14. The recombinant protease of any one of claims 1-13, wherein the protease comprises one or more chemical modifications.

15. The recombinant protease of claim 14, wherein the one or more chemical modifications comprise an alkyl moiety, acetyl moiety, amide moiety, ester moiety, imine moiety, amidino moiety, guanidino moiety, or thioether moiety.

16. The recombinant protease of claim 15, wherein the alkyl moiety is selected from the group consisting of a methyl moiety, dimethyl moiety, octanal moiety, and cyclodextrin monoaldehyde moiety.

17. The recombinant protease of any one of claims 1-16, wherein the protease is a porcine, bovine, rat, murine, human, avian, bacterial, fungal, plant, artificial, or synthetic protease.

18. The recombinant protease of any one of claims 1-17, wherein an active site of the protease is free of amino acid substitutions.

19. The recombinant protease of any one of claims 1, 4-7, or 13-18, wherein the protease comprises an amino acid sequence of SEQ ID NO: 2 or SEQ ID NO: 4.

20. The recombinant protease of any one of claims 2, 4, 5, 8, 9, 10, or 13-14, wherein the protease comprises an amino acid sequence of SEQ ID NO: 6 or SEQ ID NO: 7.

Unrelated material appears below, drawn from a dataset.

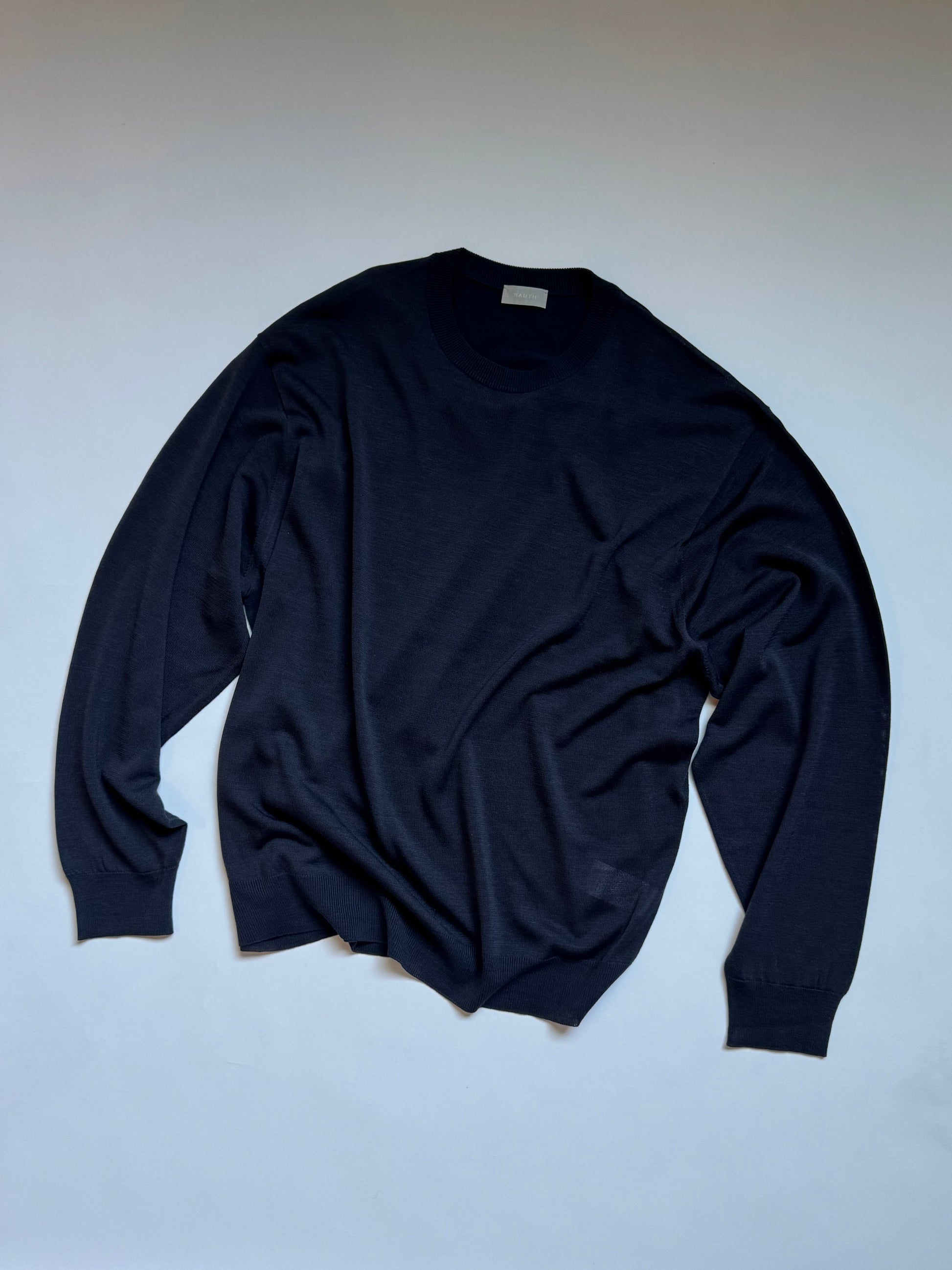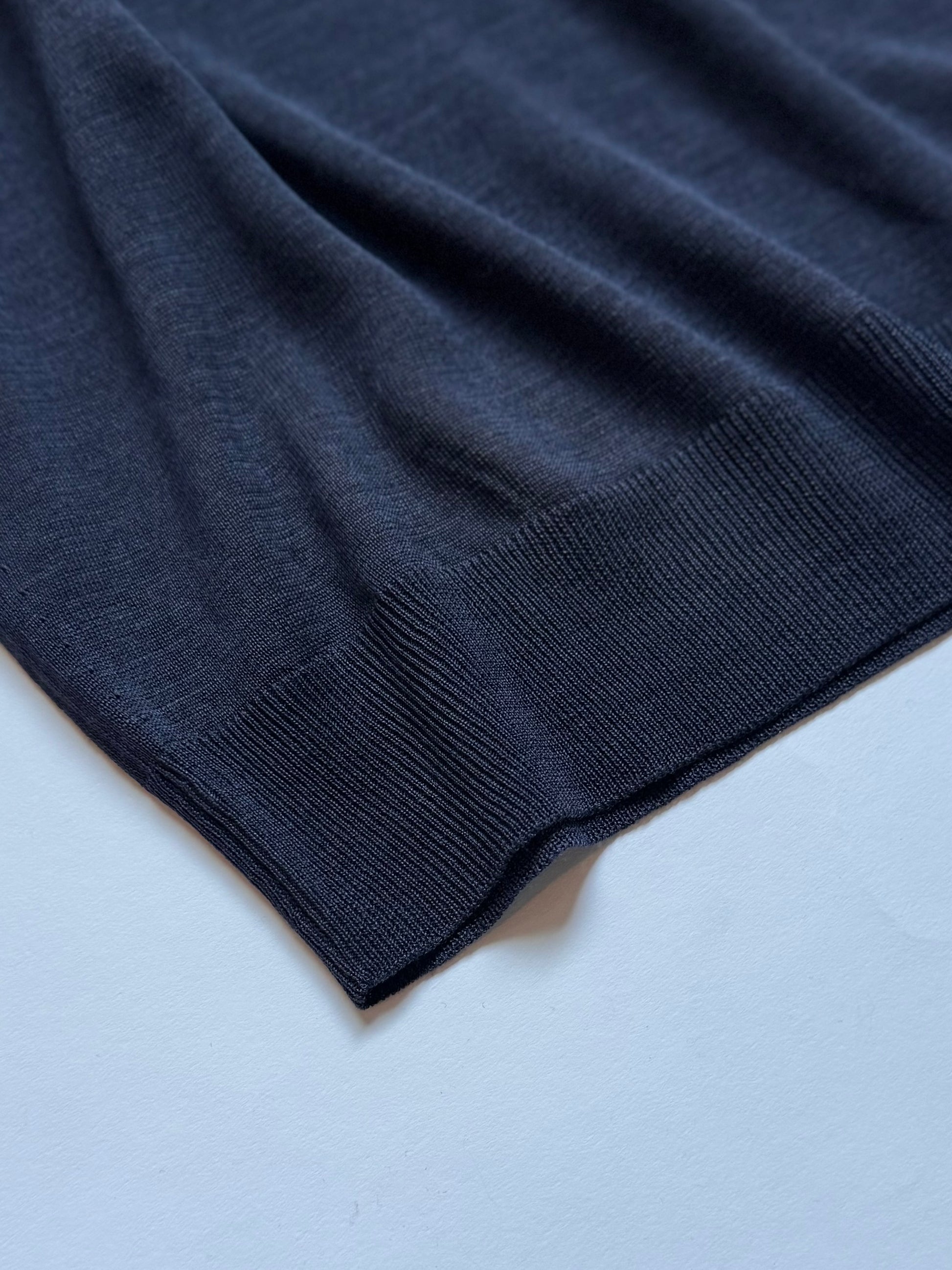 表にシルク糸、裏に強撚ウールシルク糸を配した、プレーティング編みのハイゲージニット。

21. The recombinant protease of any one of claims 3, 4, 5, or 11-20, wherein the protease comprises an amino acid sequence of SEQ ID NO: 9.

22. A method of reducing a level of peptide byproducts of protease autolysis in an analytical assay, the method comprising the use of the recombinant protease of any one of claims 1-21.

23. The method of claim 22, wherein the analytical assay is selected from the group consisting of liquid chromatography (LC), LC-mass spectrometry (LC-MS), LC-UV, capillary electrophoresis (CE), gel electrophoresis (GE), and matrix-assisted laser desorption/ionization (MALDI).

24. The method of claim 23, wherein the analytical assay is LC-MS.